September 15th, 2009 at 12:14 am
This has nothing to do with expression, or “society’s fixation with gender roles,” and everything to do with how it’s not fair to the rest of the women to make them compete against someone who has the physical attributes of a man.
There are separate divisions for men and women for a reason.
I feel for this girl, and she got caught up in something she had no control over, but please don’t try to turn this into some debate about gender roles or how store clerks address you as “sir,” because that’s disingenuous. I’m sure you can find another news peg for your anecdotes about being mistaken for a man.
September 15th, 2009 at 3:29 am
I think people should still have humanity left in them. I mean such negative comments are damaging, i think people who are saying all these bad things or comments should ask God questions and maybe, maybe, their answers would be answered. What if it was Ur child going through such humiliation? would you feel complete, happy, proud? i dont think so. We are driven by culture and tradition, for an example, what if Semenya`s mother thought her period is delayed, maybe next year it will come, then the other year? People who say hurtful comments should do some introspection: Take a moment to look at yourselves? when you look at yourselves, what is that you see?????????is it the same way other people see you????????????
I just hope that after all this drama, Semenya would find some peace, some closure on this matter as all of us have our own ghosts locked somewhere in our closets and nobody knows about them. I put the Family in God`s capable hands, Jesus had to go through insults, ugly hurtful comments and i pity all of those who were involved somehow in destroying this young Girl as when God is going to answer, there will be a lot to pay, whether the family knew about it or not? no one deserves such insults.
September 15th, 2009 at 6:08 am
You are what you believe you are…science complicates things, let us not play God! Who are we to judge her?
Science for value added foods, to fight diseases, to heal the world, etc…
Please, leave Castor out of this, she is who she is because God perfectly made her to be! We can only support her at this point and time!!!!
September 15th, 2009 at 7:38 am
I swear we humans are really just stupid mammals. So much ado about sex. I wish I were my cat.
September 15th, 2009 at 9:47 am
Thank you Hazumu Osaragi!
That is the most educated, well rounded response on the matter that I have seen.
There were many debates on the “genetic advantages” of world class athletes back when they were trying to make policy. Juliana please look into the discussions on the “fairness” that the olimpic committee had (not just the outcome, but their considerations as well). I believe you might find it enlightening.

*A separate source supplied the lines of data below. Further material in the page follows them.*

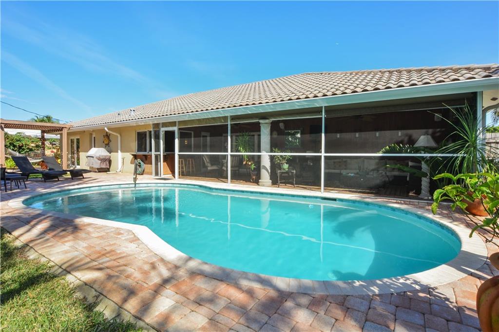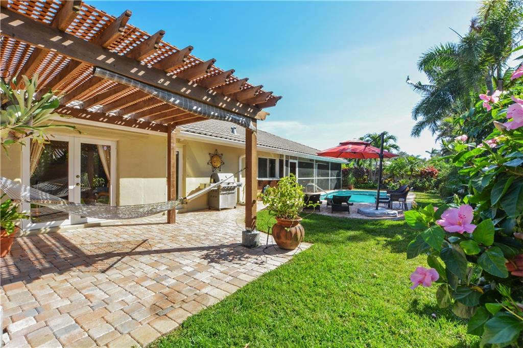 Beautifully designed inside and out this 3BR/2BA/2CG/Pool home positioned on a quiet street offers a desirable split bedroom floor plan. The foyer entry flows seamlessly to living and dining rooms and opens to a sunny kitchen with center island. A large outdoor living room offers easy access to the sun drenched pool and manicured gardens. Nothing to do here but enjoy the South Florida lifestyle. Perfect for entertaining. Don’t miss this one!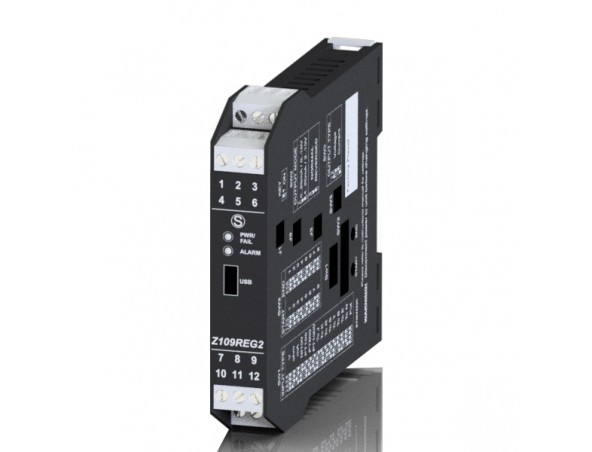 Z109REG2-1 – универсальный конвертор аналоговых сигналов с дополнительным релейным выходом, вход которого может быть сконфигурирован на мA, В, PT100, Pt1000, Pt500, Ni100, TCs, Ohm, а выход может быть использован в режиме mA или В.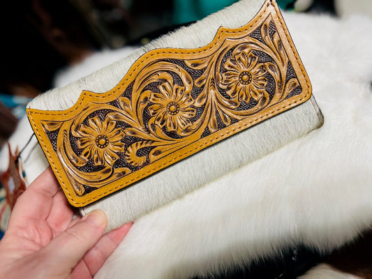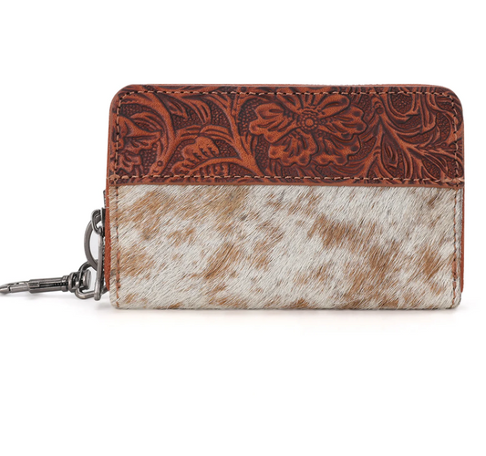 Trinity Ranch Genuine Cowhide Hair-On Floral Tooled Collection Mini Wallet 2119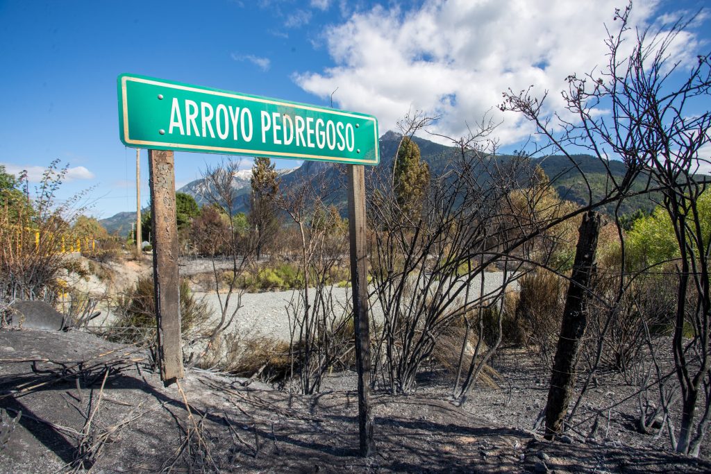 El cartel del Arroyo Pedregoso fue casi consumido por el fuego.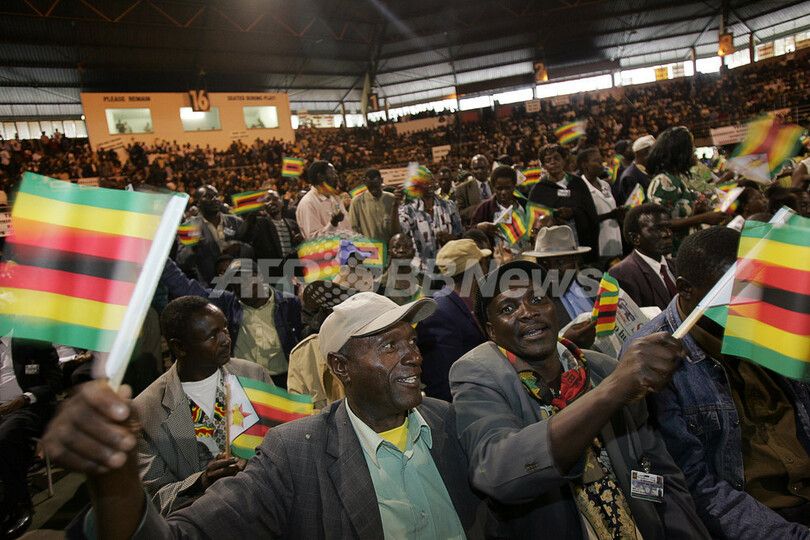 ニュース 政治・経済 ジンバブエ与党、ムガベ大統領を次期大統領選の候補として承認 2007年12月14日 7:17 発信地:ハラレ/ジンバブエ [ アフリカ ジンバブエ ] このニュースをシェア ‹ › ❮ 3/6 ❯ 2007年12月13日、ジンバブエの首都ハラレ(Harare)で行われた与党ジンバブエ・アフリカ民族同盟愛国戦線(ZANU-PF)の党大会で、ロバート・ムガベ(Robert Mugabe)大統領の演説を聞く支持者。(c)AFP/ALEXANDER JOE 画像作成中 ! 【12月14日 AFP】ジンバブエの与党ジンバブエ・アフリカ民族同盟愛国戦線(ZANU-PF)は13日、次期大統領選挙の候補として、同党党首で現職のロバート・ムガベ(Robert Mugabe)大統領(83)を承認した。ムガベ大統領は1987年から大統領の座についており、再選されれば6期目となる。(c)AFP 政治・経済 一覧へ> メディア・報道関係・法人の方向け 写真・動画 購入のお問合せ>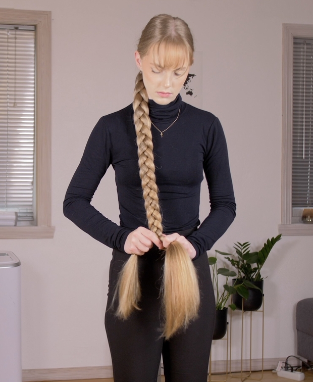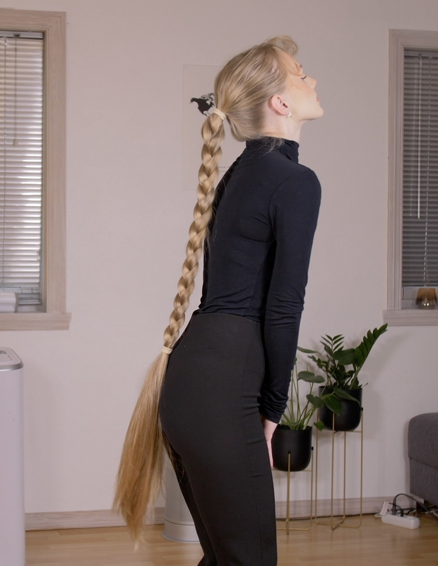 braiding several braids and undoing of the braids, long hair covering, long hair sliding, long hair posing, long hair flips, braid flips, braid display and much more!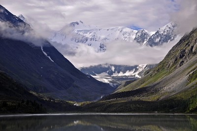 Туман в горах Алтая (Аккемское озеро и гора Белуха)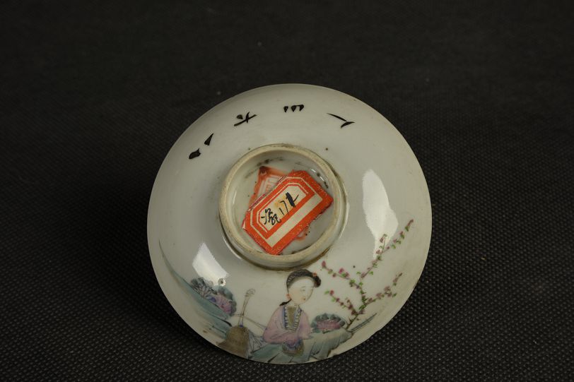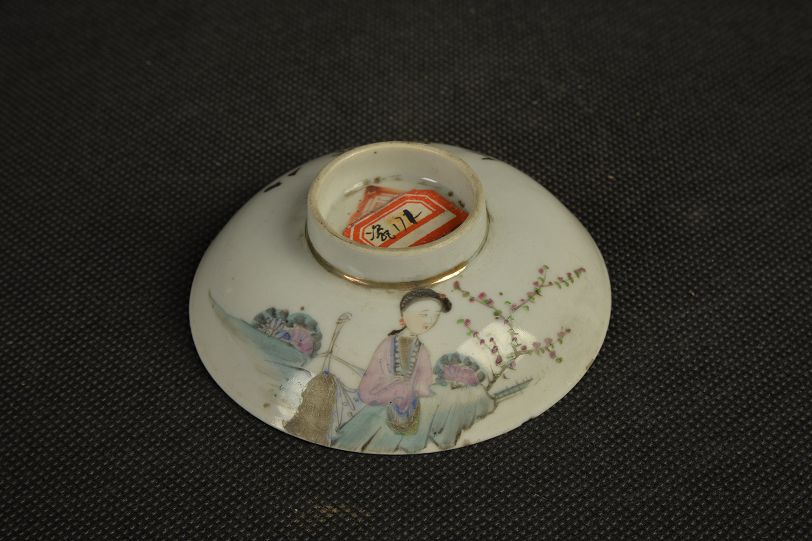 清人物风景图瓷扣碗盖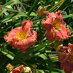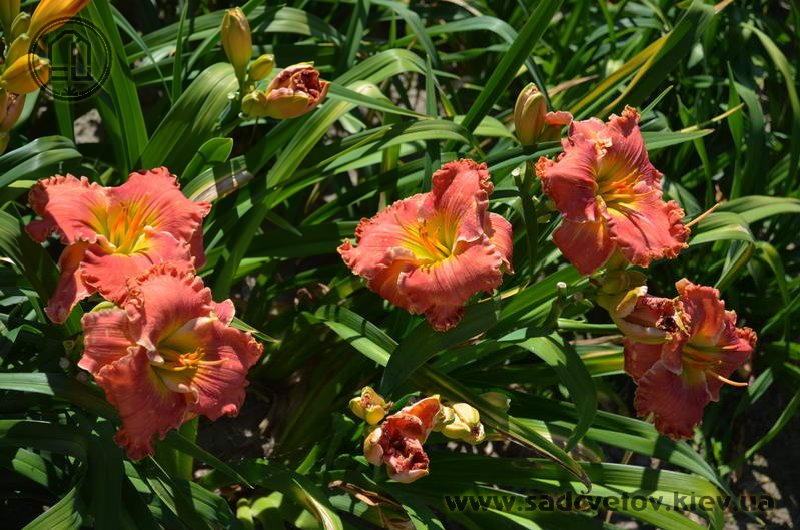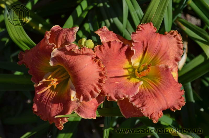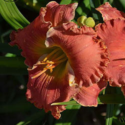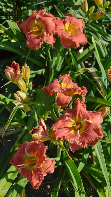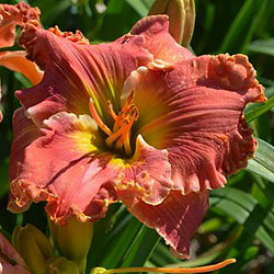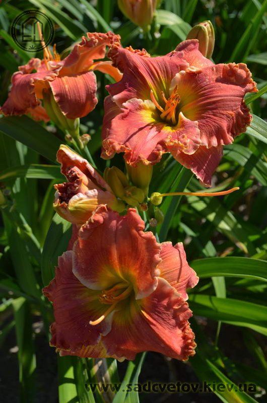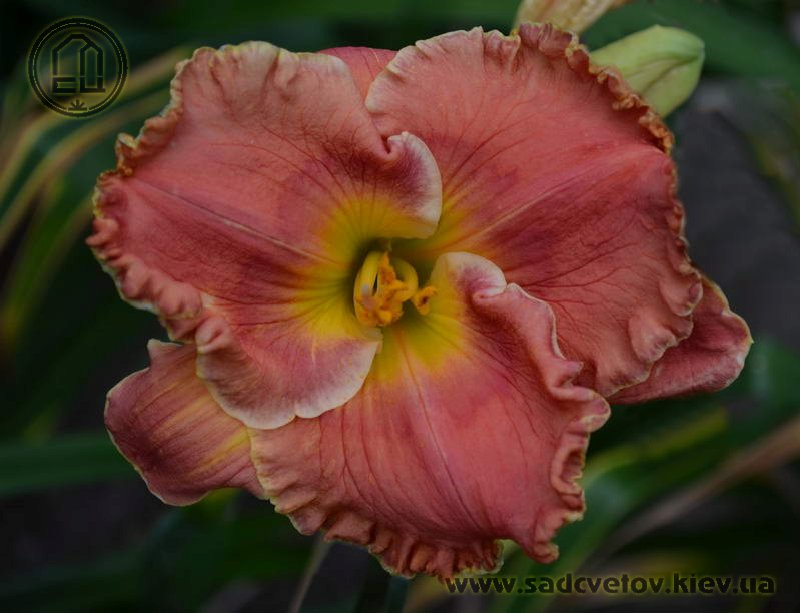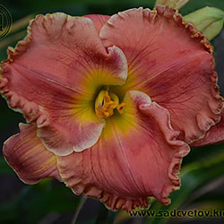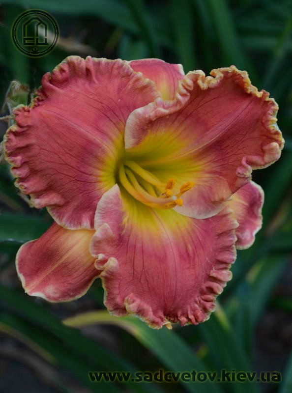 Добре гофрований, насичений темно-рожевий з акварельним розмитим оком навколо жовто-лимонного горла, золотиста облямівка по краю.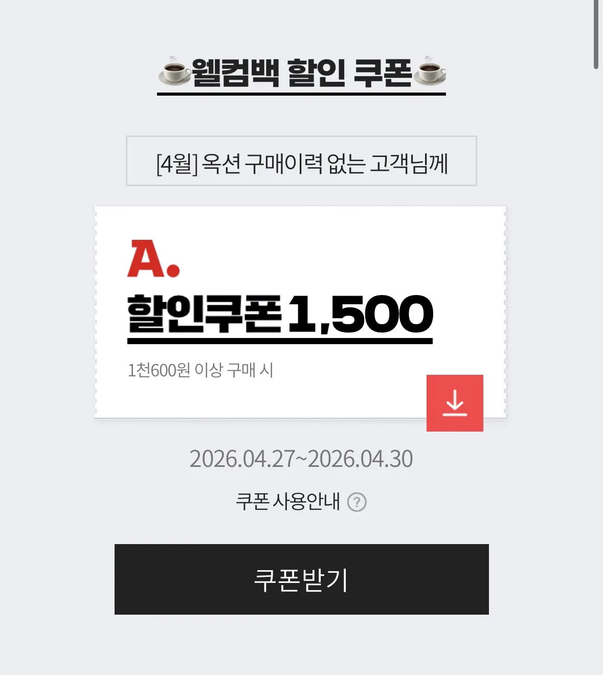 📦 4월미구매자 메가 아메리카노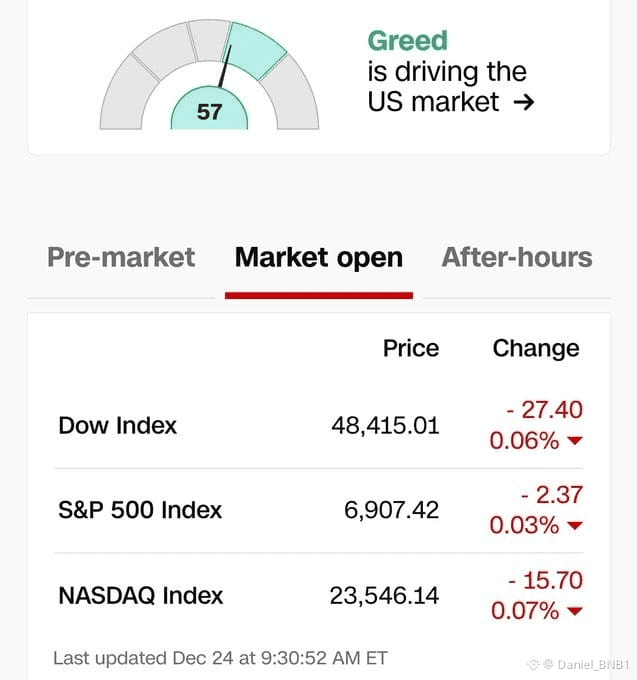 The holiday mood is clearly reflected in the markets today, as investor sentiment shifts toward optimism. The Fear & Greed Index currently stands at 57, signaling that greed is back in control after a period of caution. This suggests that market participants are feeling confident, ready to take on risk, and are increasingly bullish in their positioning.
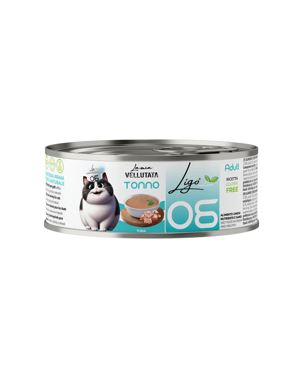 Ligo Vellutata N06 Tonno è una raffinata mousse dedicata ai gatti che adorano il sapore intenso e naturale del pesce. Questa ricetta è composta esclusivamente da tonno di prima scelta, selezionato e frullato finemente fino a raggiungere una consistenza cremosa, soffice e priva di grumi, perfetta per essere gustata agevolmente anche dai gatti più esigenti.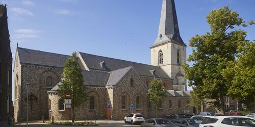 De Sint-Odulphuskerk na de restauratie van 2021. Foto genomen voor de uitreiking van de Onroerenderfgoedprijs 2022. De Sint-Odulphuskerk in Borgloon is de winnaar van de publieksprijs van deze editie.

Here’s a tricky point: if we are saying that she needs to be surgically altered from her natural state to compete with other women, then we are also throwing out the religious based concept that “we are ok the way GOD made us.”…just a point. Then who is the person defining what a “female” is?
I agree that if there is a health problem (cancer) that the should have her internal organs altered, but if there is no threat, we are saying that in order to fit in she needs to have an operation. I’m ok (personally) with either view, but we can’t have both views (mutually exclusive). Any thoughts?